[Problem to work on]
All lines below starting at the one that holds "تصویر ۱۳- یک" and ending at the one that holds "सुखाड़िया विश्वविद्यालय में" should be printed exactly, ends included. Pictures should not be printed, nor anything else.

[Records from a collection]
* * *
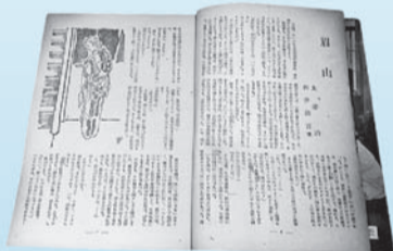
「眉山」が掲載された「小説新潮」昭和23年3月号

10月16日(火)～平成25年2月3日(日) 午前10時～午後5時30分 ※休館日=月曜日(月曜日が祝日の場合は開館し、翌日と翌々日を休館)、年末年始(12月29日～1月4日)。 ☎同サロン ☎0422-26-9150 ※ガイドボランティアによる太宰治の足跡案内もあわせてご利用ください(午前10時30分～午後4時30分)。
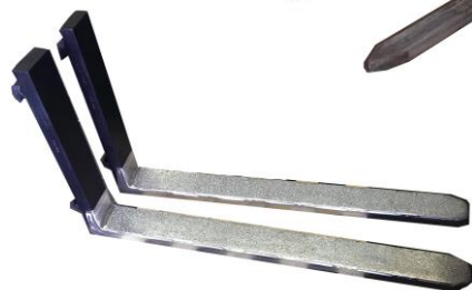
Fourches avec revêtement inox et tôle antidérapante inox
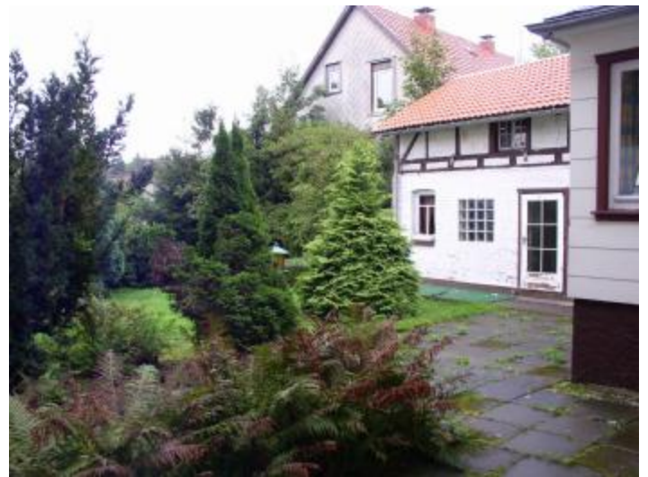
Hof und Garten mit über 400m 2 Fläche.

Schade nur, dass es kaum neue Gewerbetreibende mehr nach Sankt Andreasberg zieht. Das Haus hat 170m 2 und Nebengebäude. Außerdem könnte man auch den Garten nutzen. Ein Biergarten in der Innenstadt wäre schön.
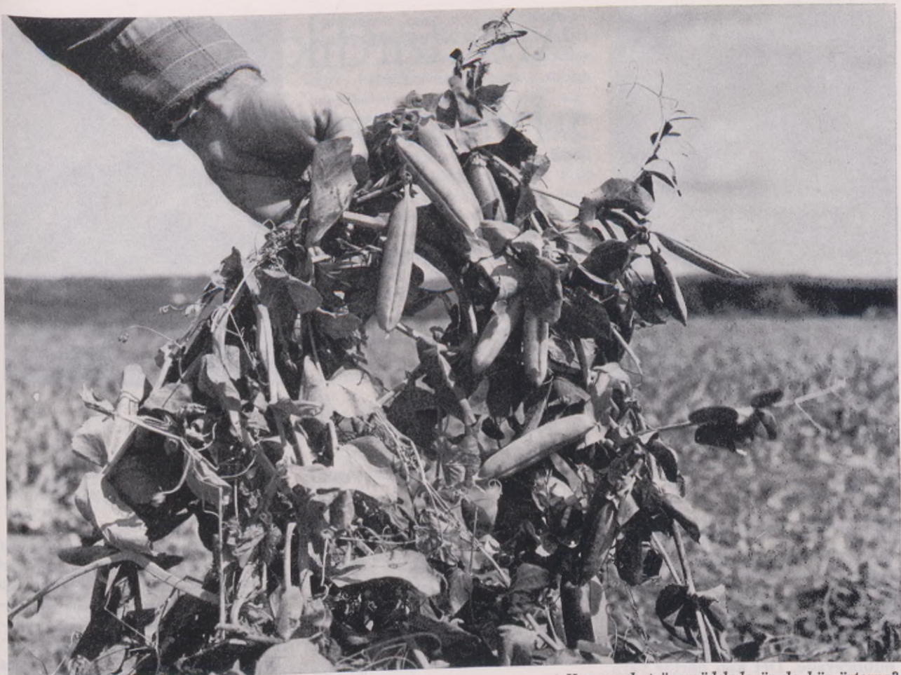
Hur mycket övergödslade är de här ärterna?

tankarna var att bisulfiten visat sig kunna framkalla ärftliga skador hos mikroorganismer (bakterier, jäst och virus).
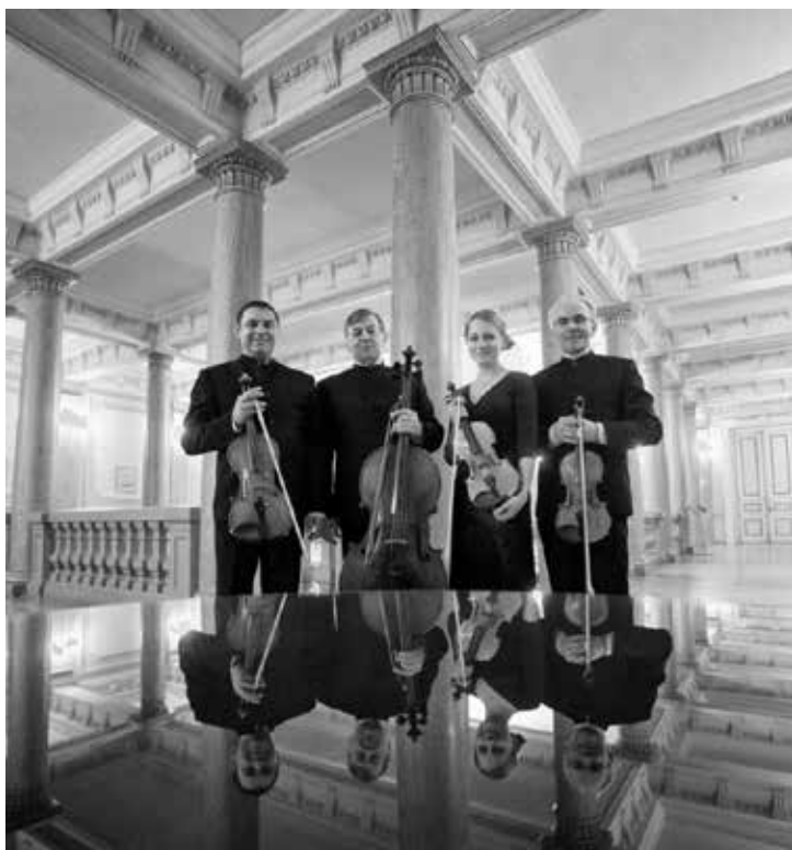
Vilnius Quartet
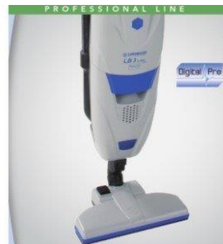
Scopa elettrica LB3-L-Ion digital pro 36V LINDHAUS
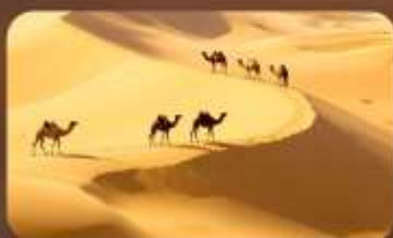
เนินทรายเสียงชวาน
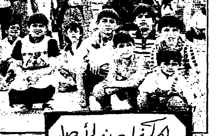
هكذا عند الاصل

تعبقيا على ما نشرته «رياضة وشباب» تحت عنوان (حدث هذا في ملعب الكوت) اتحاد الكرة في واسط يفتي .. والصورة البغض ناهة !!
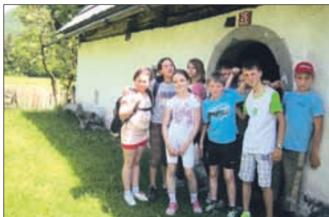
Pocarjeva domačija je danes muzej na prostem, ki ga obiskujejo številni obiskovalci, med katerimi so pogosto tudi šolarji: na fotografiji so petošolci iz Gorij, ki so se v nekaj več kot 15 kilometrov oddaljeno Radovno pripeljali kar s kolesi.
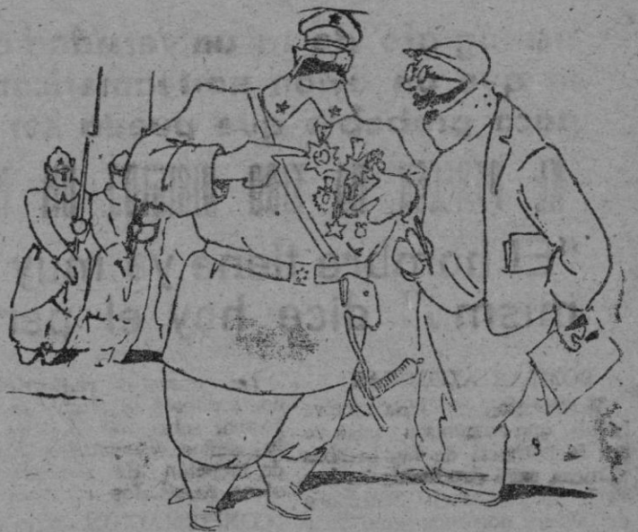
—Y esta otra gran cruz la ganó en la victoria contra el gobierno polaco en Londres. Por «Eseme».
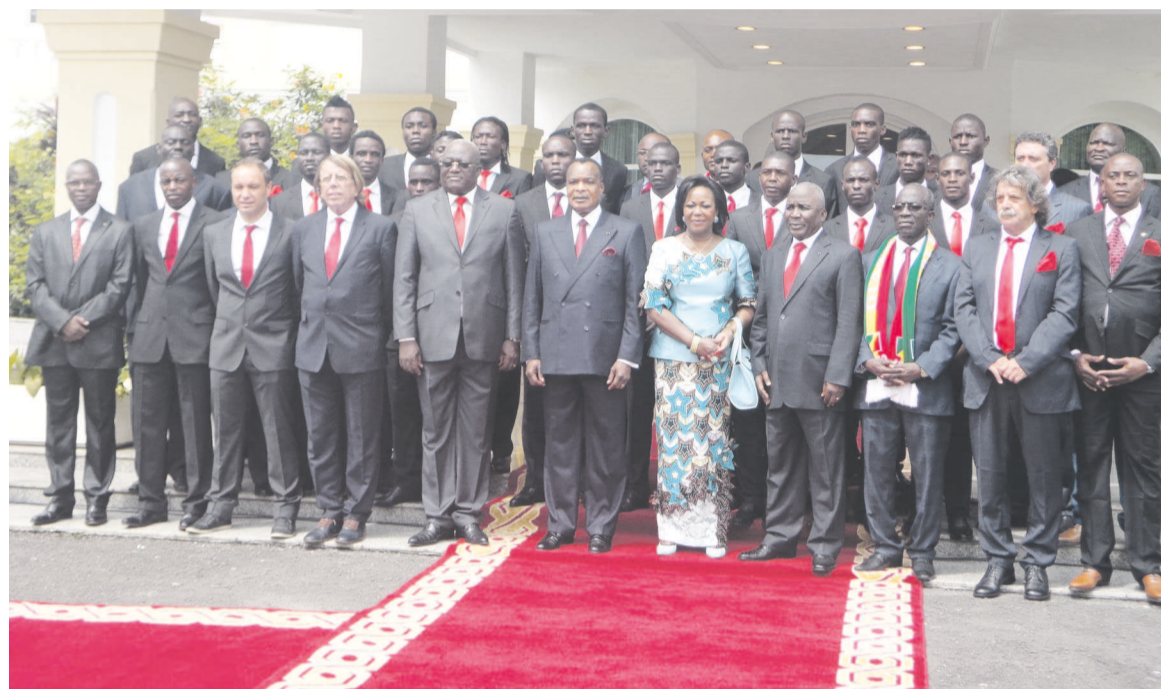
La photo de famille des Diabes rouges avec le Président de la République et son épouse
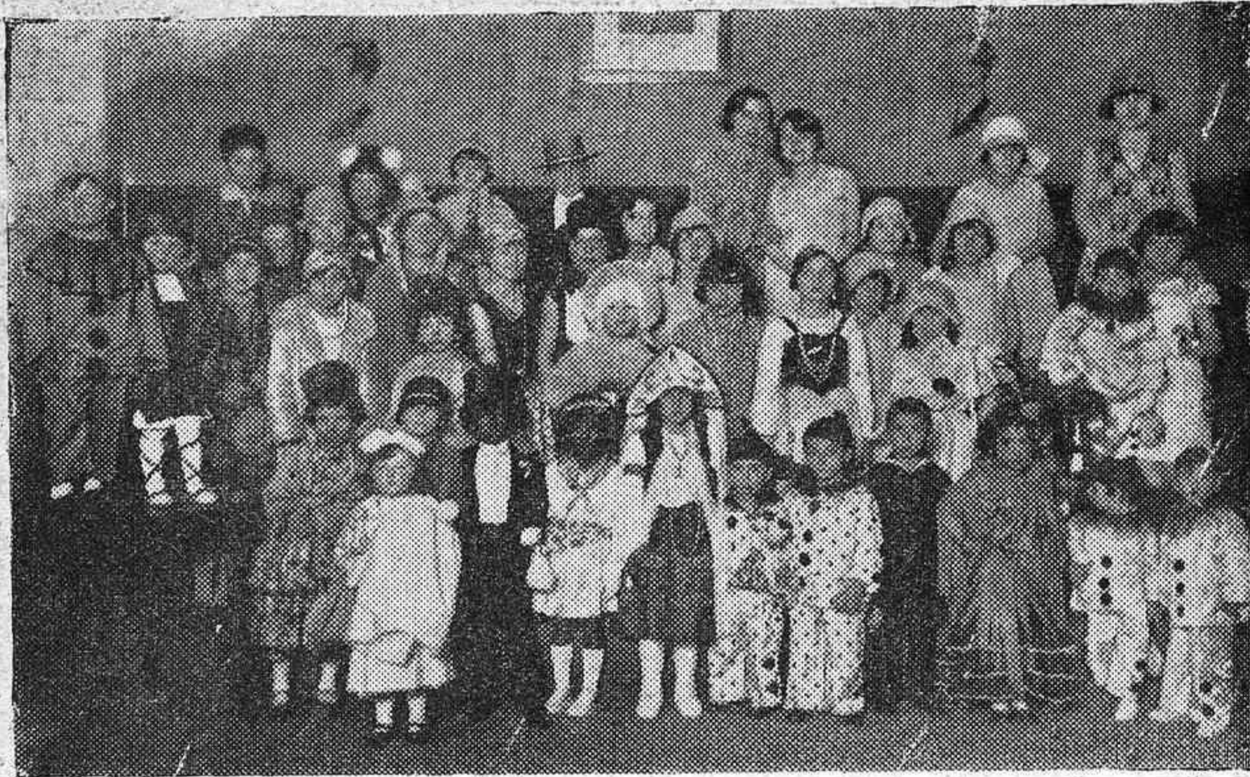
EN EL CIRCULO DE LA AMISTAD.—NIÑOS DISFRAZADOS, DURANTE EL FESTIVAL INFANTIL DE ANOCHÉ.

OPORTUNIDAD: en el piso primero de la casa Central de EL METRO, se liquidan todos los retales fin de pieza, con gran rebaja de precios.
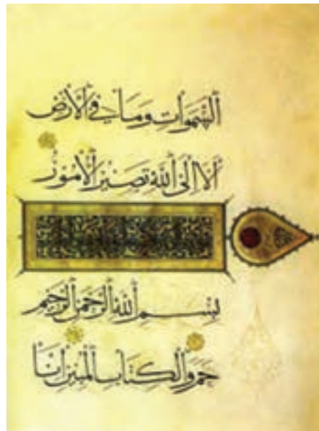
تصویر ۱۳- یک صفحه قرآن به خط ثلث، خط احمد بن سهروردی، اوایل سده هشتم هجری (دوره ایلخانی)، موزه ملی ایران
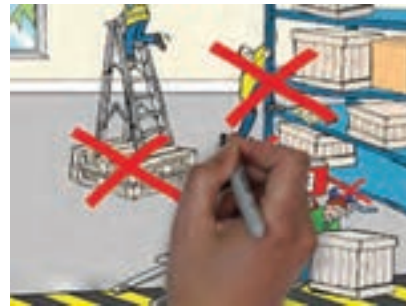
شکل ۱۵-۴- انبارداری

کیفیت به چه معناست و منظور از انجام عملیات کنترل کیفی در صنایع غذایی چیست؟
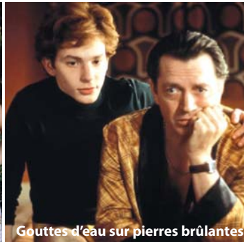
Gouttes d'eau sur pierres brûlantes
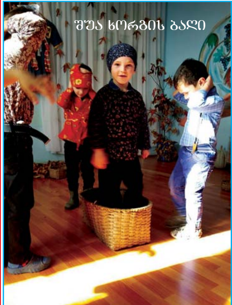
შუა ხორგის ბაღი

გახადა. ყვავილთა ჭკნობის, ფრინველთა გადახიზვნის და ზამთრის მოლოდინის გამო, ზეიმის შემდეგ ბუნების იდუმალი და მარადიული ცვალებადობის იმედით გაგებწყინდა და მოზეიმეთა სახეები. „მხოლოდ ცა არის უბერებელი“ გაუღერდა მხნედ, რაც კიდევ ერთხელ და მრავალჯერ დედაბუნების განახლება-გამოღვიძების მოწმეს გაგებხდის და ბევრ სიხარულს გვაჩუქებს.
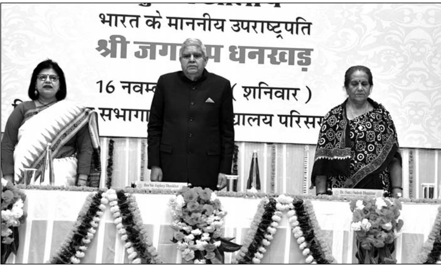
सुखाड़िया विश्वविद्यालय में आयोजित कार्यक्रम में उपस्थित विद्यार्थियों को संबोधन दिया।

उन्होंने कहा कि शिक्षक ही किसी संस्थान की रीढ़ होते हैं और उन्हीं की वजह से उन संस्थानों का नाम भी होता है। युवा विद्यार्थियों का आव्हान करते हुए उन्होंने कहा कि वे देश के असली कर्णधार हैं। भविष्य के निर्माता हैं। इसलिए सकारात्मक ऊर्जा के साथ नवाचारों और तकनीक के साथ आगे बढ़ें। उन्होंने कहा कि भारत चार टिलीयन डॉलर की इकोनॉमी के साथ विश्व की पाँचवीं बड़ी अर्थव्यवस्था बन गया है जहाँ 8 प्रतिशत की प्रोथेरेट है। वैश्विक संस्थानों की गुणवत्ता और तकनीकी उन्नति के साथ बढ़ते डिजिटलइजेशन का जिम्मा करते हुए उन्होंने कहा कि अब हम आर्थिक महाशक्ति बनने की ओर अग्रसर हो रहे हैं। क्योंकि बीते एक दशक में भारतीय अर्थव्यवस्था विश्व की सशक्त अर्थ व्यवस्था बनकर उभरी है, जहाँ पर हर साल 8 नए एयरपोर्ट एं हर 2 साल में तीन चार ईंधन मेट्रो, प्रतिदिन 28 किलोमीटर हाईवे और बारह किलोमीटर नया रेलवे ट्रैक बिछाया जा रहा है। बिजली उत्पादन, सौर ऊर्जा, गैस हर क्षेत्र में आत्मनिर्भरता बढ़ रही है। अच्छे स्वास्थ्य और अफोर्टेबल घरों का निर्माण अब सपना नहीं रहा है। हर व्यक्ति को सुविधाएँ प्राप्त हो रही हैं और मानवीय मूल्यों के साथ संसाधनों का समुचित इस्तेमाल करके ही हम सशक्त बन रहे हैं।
* * *
[Response area]
تصویر ۱۳- یک صفحه قرآن به خط ثلث، خط احمد بن سهروردی، اوایل سده هشتم هجری (دوره ایلخانی)، موزه ملی ایران
شکل ۱۵-۴- انبارداری

کیفیت به چه معناست و منظور از انجام عملیات کنترل کیفی در صنایع غذایی چیست؟
Gouttes d'eau sur pierres brûlantes
შუა ხორგის ბაღი

გახადა. ყვავილთა ჭკნობის, ფრინველთა გადახიზვნის და ზამთრის მოლოდინის გამო, ზეიმის შემდეგ ბუნების იდუმალი და მარადიული ცვალებადობის იმედით გაგებწყინდა და მოზეიმეთა სახეები. „მხოლოდ ცა არის უბერებელი“ გაუღერდა მხნედ, რაც კიდევ ერთხელ და მრავალჯერ დედაბუნების განახლება-გამოღვიძების მოწმეს გაგებხდის და ბევრ სიხარულს გვაჩუქებს.
सुखाड़िया विश्वविद्यालय में आयोजित कार्यक्रम में उपस्थित विद्यार्थियों को संबोधन दिया।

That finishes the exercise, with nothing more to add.